Yeah. We have been getting about five to six parcels of crude every month. This is continuing. There was a dip only in one month in the last quarter. Otherwise, it is continuing as is.
In terms of a %, if you could share the number, you generally share.
Overall, as HPCL, we are at 35% Russian crude.
That was the Q4 FY25 number, sir?
It was the full year. Q4 is close to that, 32-33%.
Okay. Sir, on the HPCL and ADNOC trading, you have signed the LNG trading supply contract with ADNOC. Can you provide some details on the pricing, whether it is linked to the crude or Henry Hub, and the quantity of LNG import under this contract?
It is linked to Henry Hub. I don't think beyond this, I can say anything.
Okay. Lastly, generally, you share the pipeline segment throughputs every quarter and annual decisions. Can you provide some revenue and the EBITDA details of the same segment for FY25 and Q4 FY25?
I can share with you the volume. It is 24.9 million metric tons.
26.9.
26.9 million metric tons for opening stage. 6.61 million metric tons for the quarter.
Any details on the revenue and the EBITDA side of the pipeline segment, if you could share?

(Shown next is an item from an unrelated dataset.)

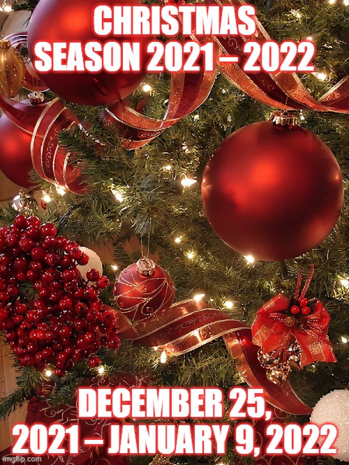 For December 25, 2021, Christmas Season December 25 to January 9

We are moving our own products only in the pipeline. We don't account any revenue for this.
Okay. Thanks a lot, sir. This was really helpful.
Thank you. The next question is from the line of Maneek Anand from Franklin Templeton, India. Please go ahead.
Yeah. Yeah. Thank you so much for providing me the opportunity. Copper and Audible.
Yes.
Yeah. Yeah. Hi, sir. Because it's an interesting move that you have done from being a consultant to heading HPCL, I just wanted to understand what's the motivation and upside for you. That's the first question. The second question is more on HMEL. Is it possible for you guys to give me the gross margin that your model is throwing if current pricing or spreads are taken into account for the revenue and sector? Those are the two questions from my side. Thank you.
Since this call is about HPCL's numbers, I will not talk about myself. The only thing I would say is the reason I work here is we have a fantastic opportunity and a fantastic team which can take this place to be it is already one of the leading companies in India, and we will be even more powerful in times to come. That's my motivation. Beyond that, I think we should just focus on the numbers, and I'll request my colleagues to talk about the HMEL numbers which are around.
I can broadly say the EBITDA margin in HMEL for Q4 is around 7%.
Understood. Just to follow up on the first question, Aakash, can I check on the compensation size and with the historical same deals? Or has there been any change in the compensation structure?
Read the press. You just need to read the press. Yes, it is absolutely in line with what was done historically.
Sure. Thank you. Thank you so much. That's from my side.
Thank you. Ladies and gentlemen, due to time constraint, this was the last question for today's conference call. I now hand the conference over to Mr. Vethirajan for closing comments.
Thank you, Steve. I see 11 people in the queue as of now. Please address it to the management, or you can send your questions to me. I can get it addressed. I would like to thank all the participants for taking time out to join this call and the management for addressing all the questions in a very detailed manner. I wish the management all the very best for the next financial year as well. Hope the current momentum continues. Thank you, everyone, and have a nice day. In case, sir, you have any closing comments to add, please go ahead.
Thank you all for participating and listening to our thoughts. Thank you for your interest. In HPCL, if you have ideas for us, keep feeding them to us. On behalf of the management team and our entire team, I'll say we are all geared up to making sure the time you spend on reading about this talk is well rewarded in many different ways. Thank you all, and look forward to some subsequent conversations.
Thank you, everyone, and have a nice day.
Thank you. Thank you very much, sir.
Thank you. On behalf of Antique Stock Broking Limited, that concludes this conference. Thank you for joining us, and you may now disconnect your lines. Thank you.